Yes the probability of hashcode collision is very low as for example in case of String it depends upon the string value. If we are not creating any String with new operator then if the a new String has the same value that already present , then new String object is not created, it refers to the old value from heap and in this case only the value of hashCode will be same as expected.
The general contract of hashCode is:
Whenever it is invoked on the same object more than once during an execution of a Java application, the hashCode method must consistently return the same integer, provided no information used in equals comparisons on the object is modified.
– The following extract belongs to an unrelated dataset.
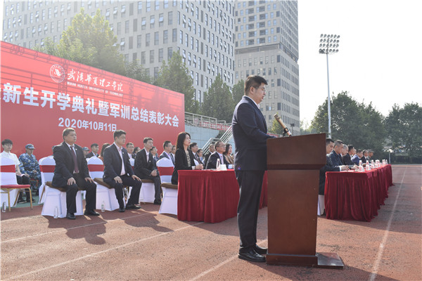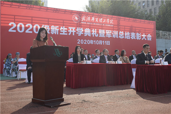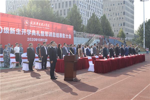 2020年10月11日上午9点整,武汉华夏理工学院举行2020级新生开学典礼暨军训总结表彰大会,土木建筑工程学院大一新生新生参加。本次大会由常务副校长杜辉主持,执行校长郭彪、党委书记丁德智、创始校长吴永桥、常务副校长杜辉、副校长丁成忠、党委副书记、副校长李海民、军训总教官詹耀、教官代表和各学院领导应邀出席。

This integer need not remain consistent from one execution of an application to another execution of the same application.
From Java 1.2, java.lang.String class implements its hashCode() using a product sum algorithm over the entire text of the string.[2] Given an instance s of the java.lang.String class, for example, would have a hash code h(s) defined by
h(s)=s[0]*31^(n-1) + s[1]*31^(n-2) + ... + s[n-1]
where terms are summed using Java 32-bit int addition, s[i] denotes the ith character of the string, and n is the length of s.
For your reference in Apache Harmony the method hashCode is:
public int hashCode() {
if (hashCode == 0) {
int hash = 0, multiplier = 1;
for (int i = offset + count - 1; i >= offset; i--) {
hash += value[i] * multiplier;
int shifted = multiplier << 5;
multiplier = shifted - multiplier;
}
hashCode = hash;
}
return hashCode;
}